Reputation: 4243
I have a dataframe that looks like this:
COLA COLB COLC COLD COLE
Name1 yes A AB uno
Name2 yes B AC dos
Name3 no C AB tres
Name4 no D AC cuatro
How do I create a proportion dataframe that shows the percentages of each selected column value along with the frequency:
ATTRIBUTE Percentages Frequency
*COLB* *Percentage* *Amount*
yes 50% 2
no 50% 2
*COLC* *Percentage *Amount*
A 25% 1
B 25% 1
C 25% 1
D 25% 1
*COLD* *Percentage* *Amount*
AB 50% 2
AC 50% 2
It doesn't need to look exactly like this but I need it to all be in one dataframe and include only the selected columns mentioned.

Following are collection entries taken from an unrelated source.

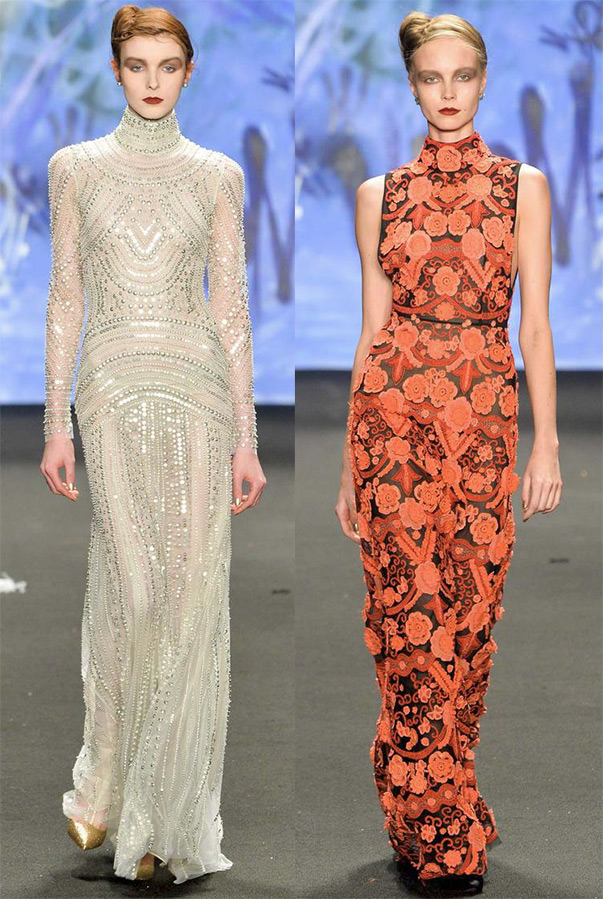 Ici, vous ne verrez pas quelque chose de radicalement nouveau, toutes les robes s'inscrivent dans la compréhension traditionnelle de la beauté, et donc ma sélection peut sembler ennuyeuse pour les fashionistas particulièrement sophistiquées. Si vous adhérez aux valeurs traditionnelles et que l'or est toujours le roi des métaux pour vous, et que la dentelle, la broderie, les perles, les strass et la fourrure sont le meilleur décor pour une robe de fête, vous ne serez pas déçu.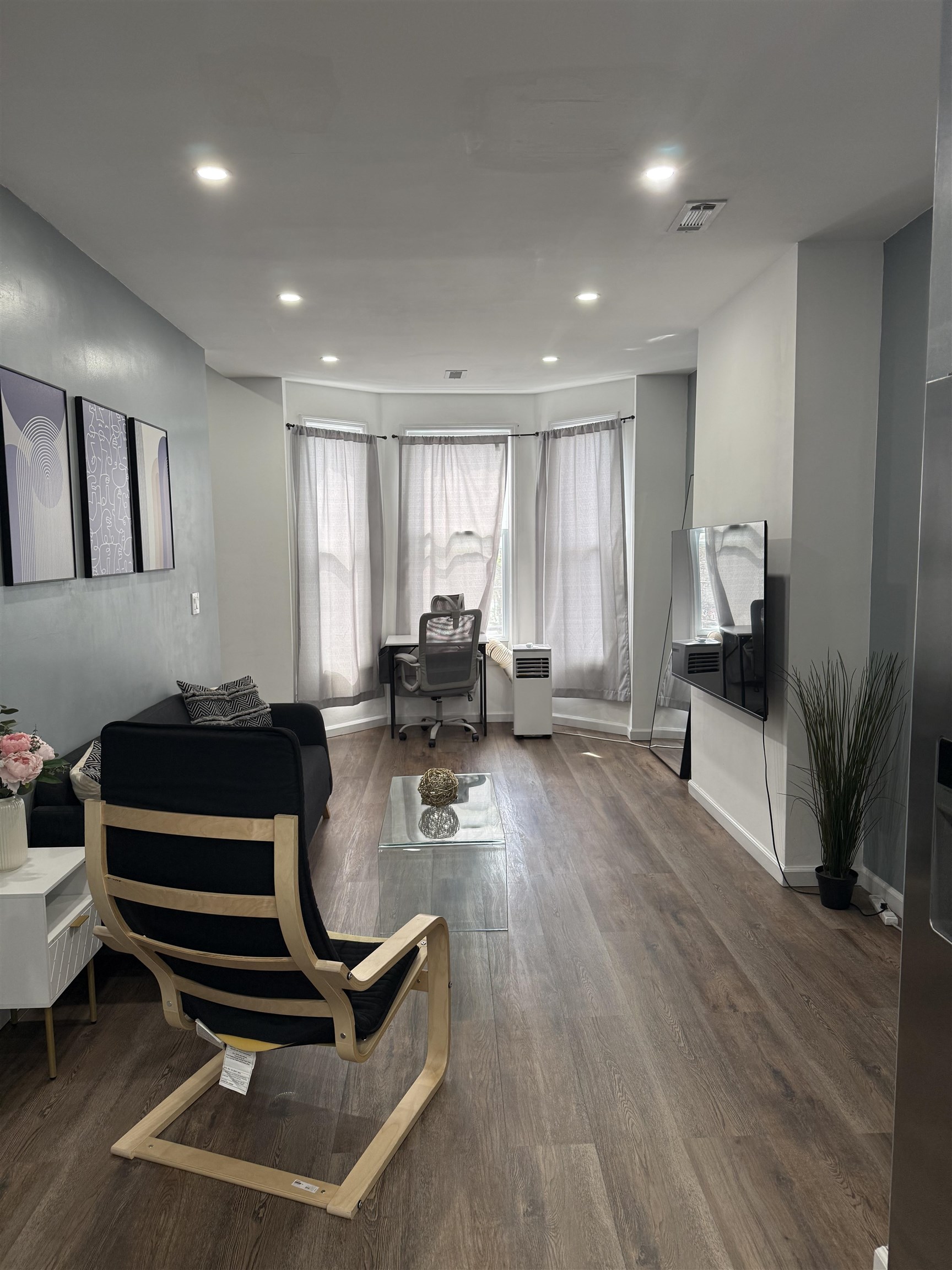 Fully furnished beautiful duplex spanning the second floor and third floor, featuring two bedrooms and one and a half bathrooms. This inviting unit offers high ceilings, a spacious layout, and a comfortable living environment. Located on a quiet residential block, it’s just minutes from shopping centers, restaurants, public transportation, and direct train access to NYC. A perfect combination of convenience, comfort, and privacy in a highly desirable area.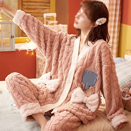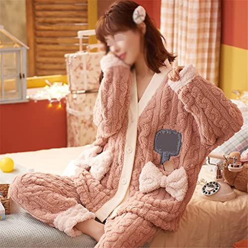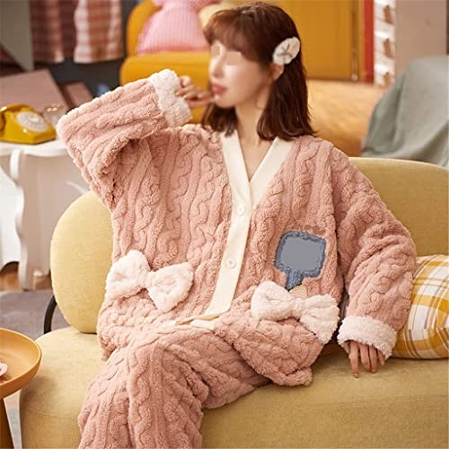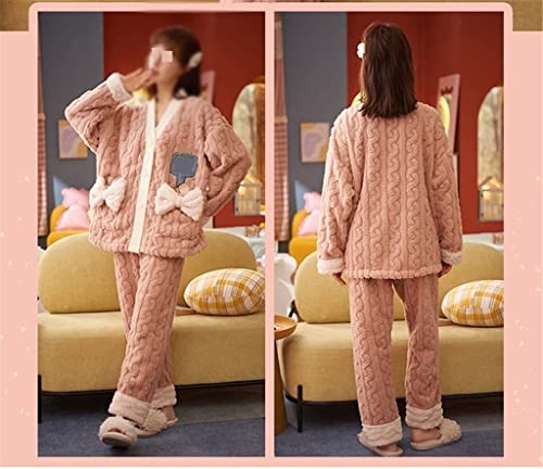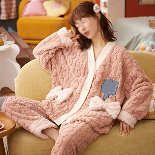 Winterpyjama’s damespyjama’s warme dikke loungewear-pyjama’s met lange mouwen (Color : Pink, Size : XL code)
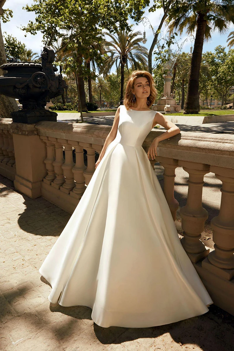 Платье свадебное атласное ТРАПЕЦИЕВИДНОЕ на 2022 пуговицах с карманами

Any help would be great, thanks!
Upvotes: 2
Views: 630
Reputation: 21507
You can do the following:
dat <- data.frame(COLA=paste0("name",1:4),
"COLB"=c("yes", "yes", "no", "no"))
require(purrr)
col_to_stat <- function(col){
tmp <- table(col)
data.frame(ATTRIBUTE = names(tmp), Percentages = c(tmp/length(col)), Frequency = c(tmp),
stringsAsFactors = FALSE)
}
map_df(dat, col_to_stat, .id="col")
Which gives you:
col ATTRIBUTE Percentages Frequency
1 COLA name1 0.25 1
2 COLA name2 0.25 1
3 COLA name3 0.25 1
4 COLA name4 0.25 1
5 COLB no 0.50 2
6 COLB yes 0.50 2
If you want to print percentages instead of decimals have a look at: How to format a number as percentage in R?
P.S.: If you use tibble
instead of data.frame
you can use the following which is shorter:
tibble(ATTRIBUTE = names(tmp), Percentages = tmp/length(col), Frequency = tmp)
Upvotes: 2